--- EXERCISE DATA ---

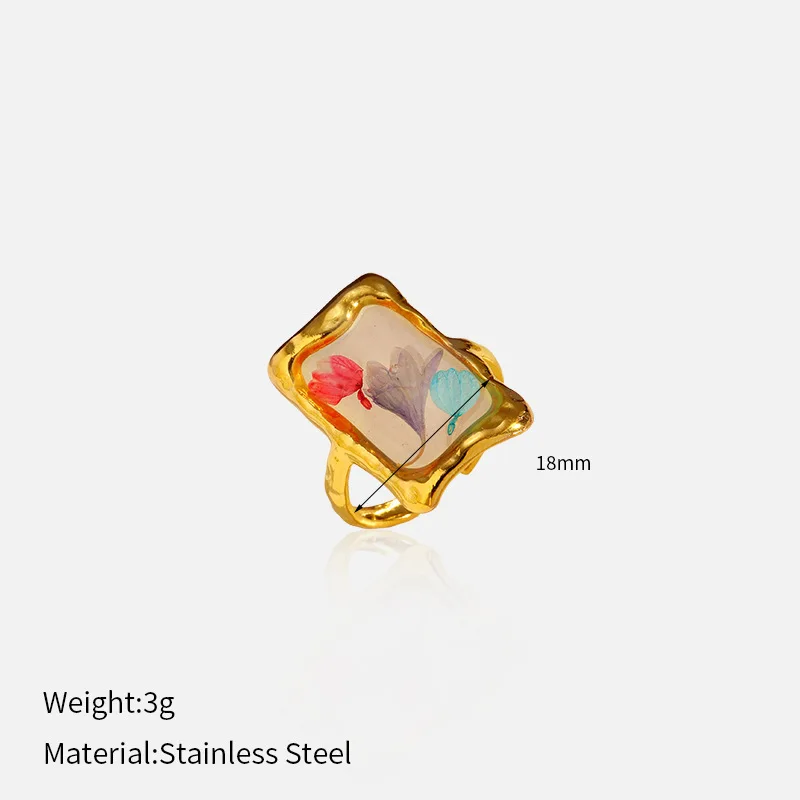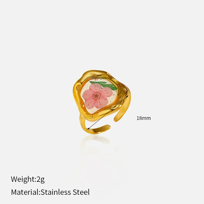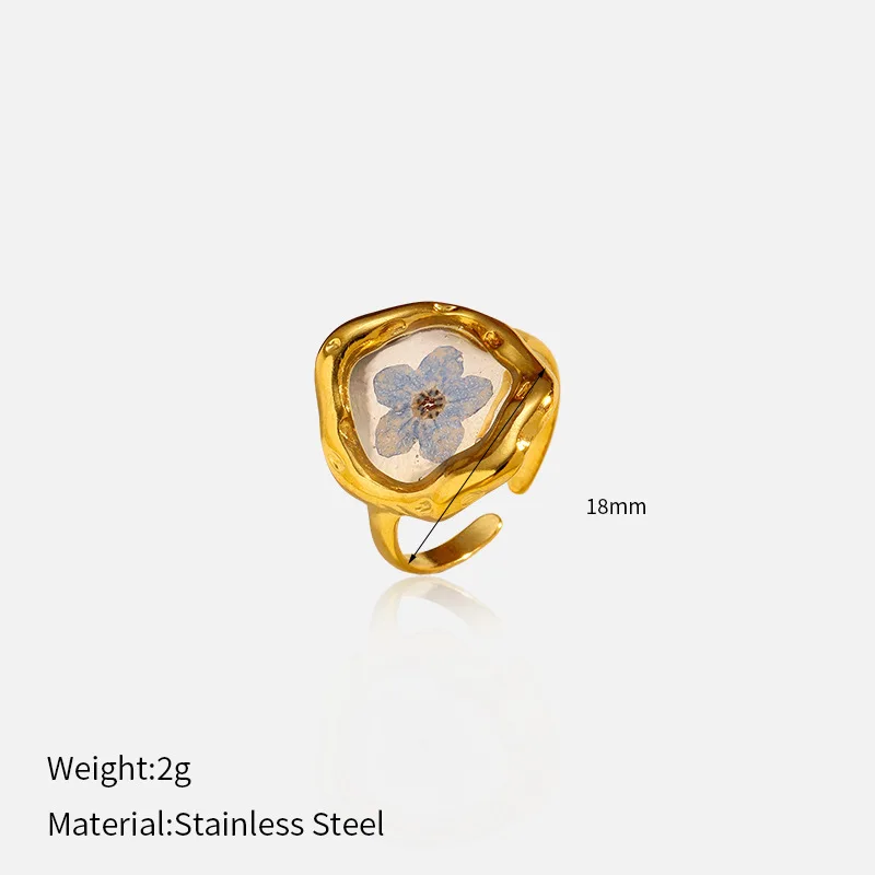MW Minimalist Polygonal Women's Stainless Steel Dry Flower Opening Ring 18k Gold Plated Trendy Statement Jewelry for Weddings
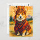 Cute Corgi American Indian Summer Citrouille Pie Witcher Bon thanksgiving Feuilles Light Halloween Automne Carte postale pour la traversée
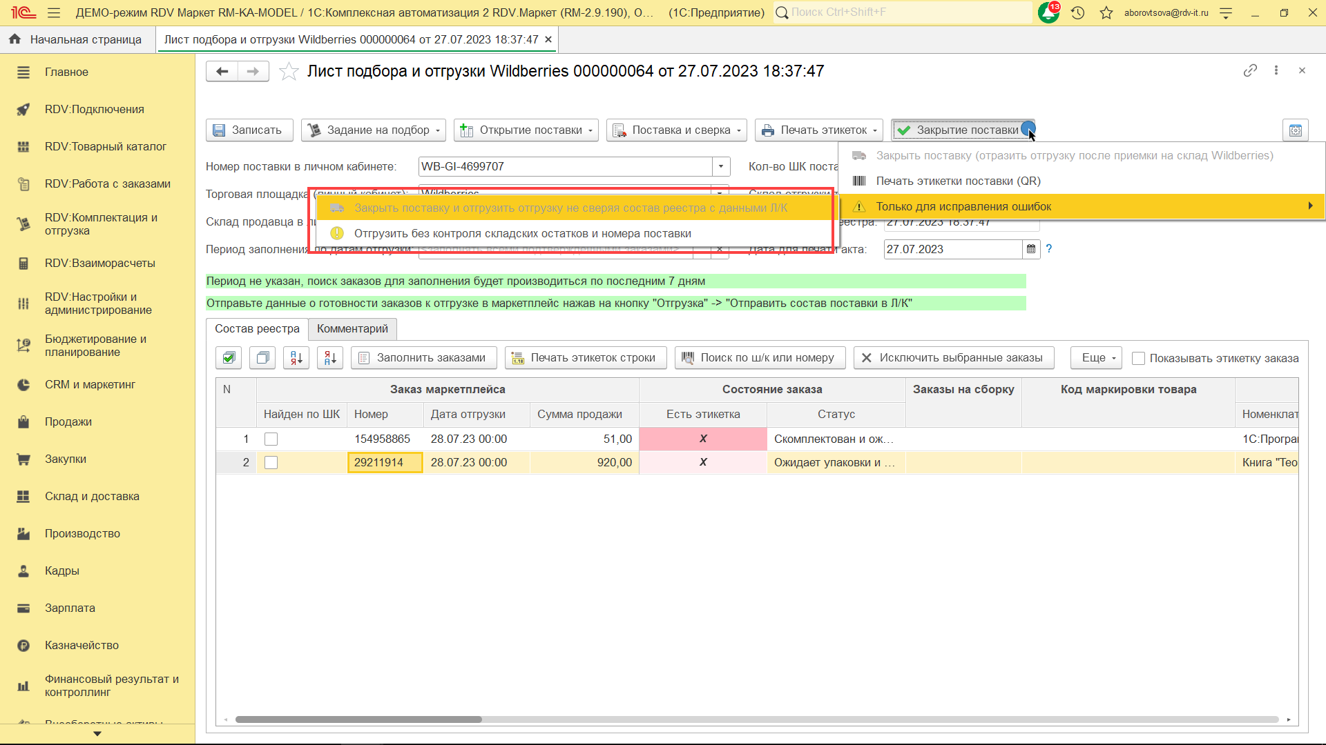 Важно! Отгрузка заказов - это обязательный этап, выполняющийся перед передачей заказов курьеру, который повезёт эти заказы на пункт приёма маркетплейса. При отгрузке листа подбора в системе RDV Маркет автоматически формируются документы "Перемещение товаров" и "Реализация товаров и услуг".

---

Give back every line of the material exactly as written, but not the pictures.

:: WRITTEN ANSWER ::
MW Minimalist Polygonal Women's Stainless Steel Dry Flower Opening Ring 18k Gold Plated Trendy Statement Jewelry for Weddings
 Cute Corgi American Indian Summer Citrouille Pie Witcher Bon thanksgiving Feuilles Light Halloween Automne Carte postale pour la traversée
 Важно! Отгрузка заказов - это обязательный этап, выполняющийся перед передачей заказов курьеру, который повезёт эти заказы на пункт приёма маркетплейса. При отгрузке листа подбора в системе RDV Маркет автоматически формируются документы "Перемещение товаров" и "Реализация товаров и услуг".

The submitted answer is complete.